Wounded and Uncomfortable

Crouching Woman

Crouching Woman

The Cry

Psychology fascinates me. When I’m not writing, working or studying art, I’m reading about psychology. And in one of my psych books I found the following description of a sculpture:

“The body flexed to the point of pain produces the most compelling planes and twists. . . Rodin preferred his models to be hurting physically while he worked their forms in pencil or stone.”

Eve

Whoa! Having spent so much time with fashion and dance, where we try to create an illusion of beauty, even perfection, the thought of purposfully positioning your model in a pose of wounded discomfort is an interesting idea.

Rodin was a trail blazer. Because his sculptures didn’t reflect mythology or history, he was put down by the leaders of his time. Pardon the pun, but someone has to break the mold. Isn’t that what art is?

One of Rodin’s models was Camille Claudel. A sculptor in her own right. Claudel was committed to a mental institution for 30 years after her affair with Rodin ended. Is her work the face of madness? I don’t know, some claim she was sane, or at least sane when she was working. Considering the mental health practices of the late 1800s, I don’t know if her commitment was treatment or torture.

The Man with the Broken Nose

Rodin was famous for one sculpture, a head that fell on the floor and became essentially “wounded.” He left it that way, he liked it half-destroyed.

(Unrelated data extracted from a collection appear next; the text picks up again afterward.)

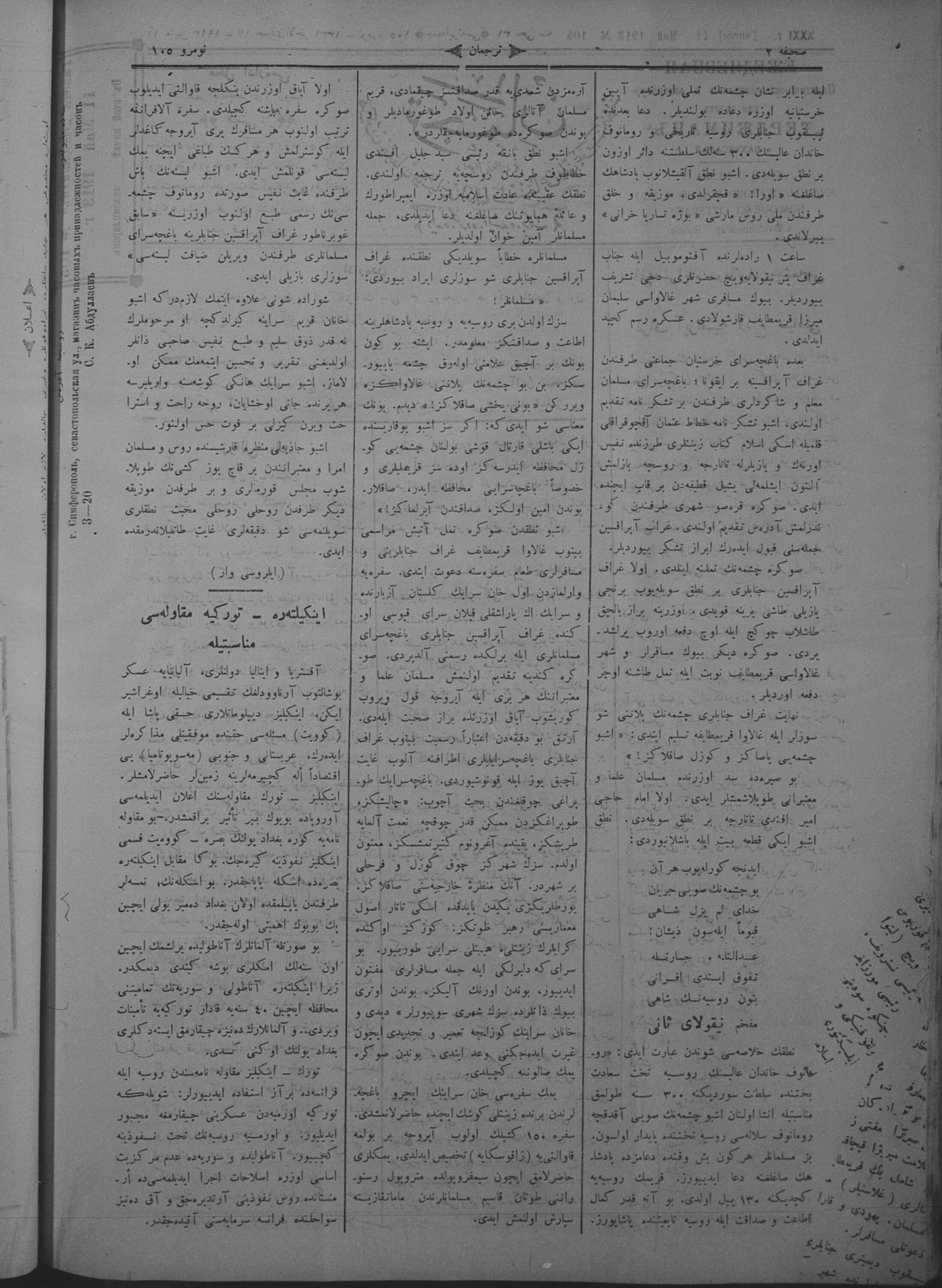 Tercüman, 11 May 1913 Year 31 No 105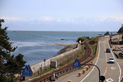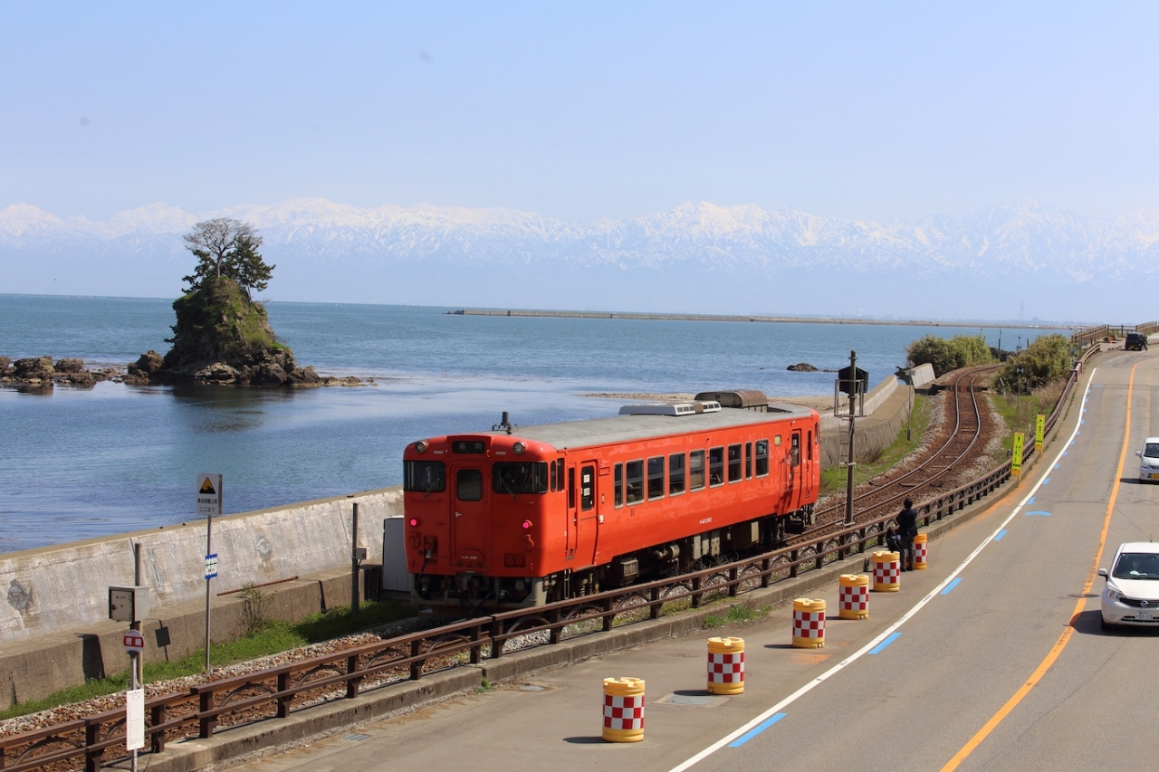 アクセスは良好で、JR氷見線の雨晴駅で降りれば真後ろが雨晴海岸です。駅西側の路地から砂浜に出られますし、駅の目の前の道を高岡方面に戻り、義経岩の前の踏切からも砂浜に出られます。丁度駅の裏手にビューポイントが整備されているので、個人的には駅西側の路地から砂浜に降り、義経岩方面に向かっていくのがお勧めです。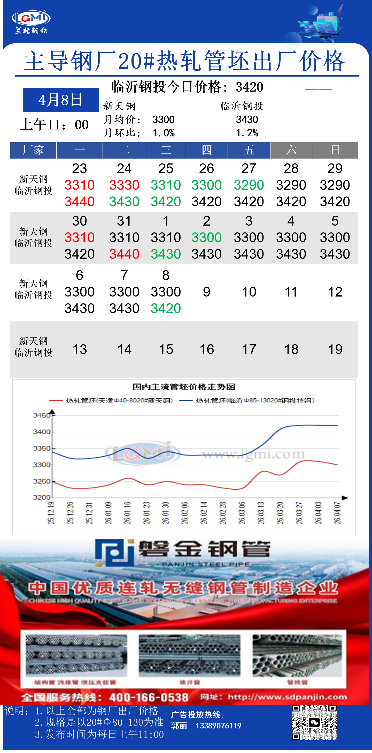 • 4月8日(11:00)主导钢厂20#热轧管坯出厂价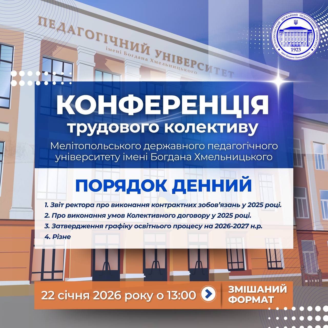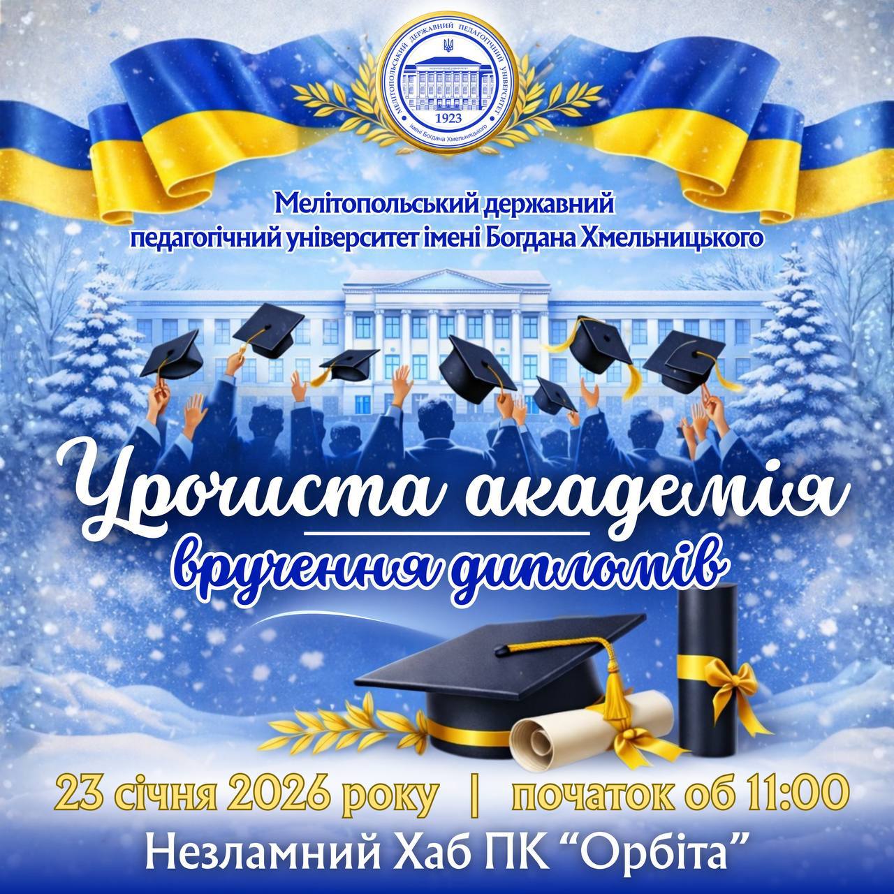 💫🏛️Є події, які не просто з’являються в календарі — вони закарбовуються в пам’яті назавжди. 🥳👥 23 січня 2026 року саме таким стане день Урочистої академії вручення дипломів випускникам магістратури МДПУ імені Богдана Хмельницького! 👨🏼🎓👏🏻 Це буде більше, ніж церемонія. Це буде мить тріумфу покоління, яке навчалося в час випробувань і зробило свідомий вибір — залишатися…

In addition, he wanted to capture the emotional state of his subject. Many of his sculptures, like Crouching Woman, appear to be just a moment in time. A quick gesture. They leave me wondering how long the poor girl had to stay like that.

But for me, this is a lesson for my own artwork. I’m constantly trying to capture feminine strength, dignity and perseverance. Based on Rodin’s lessons, I think I’ll throw in a little more discomfort, pain and vulnerability in the future.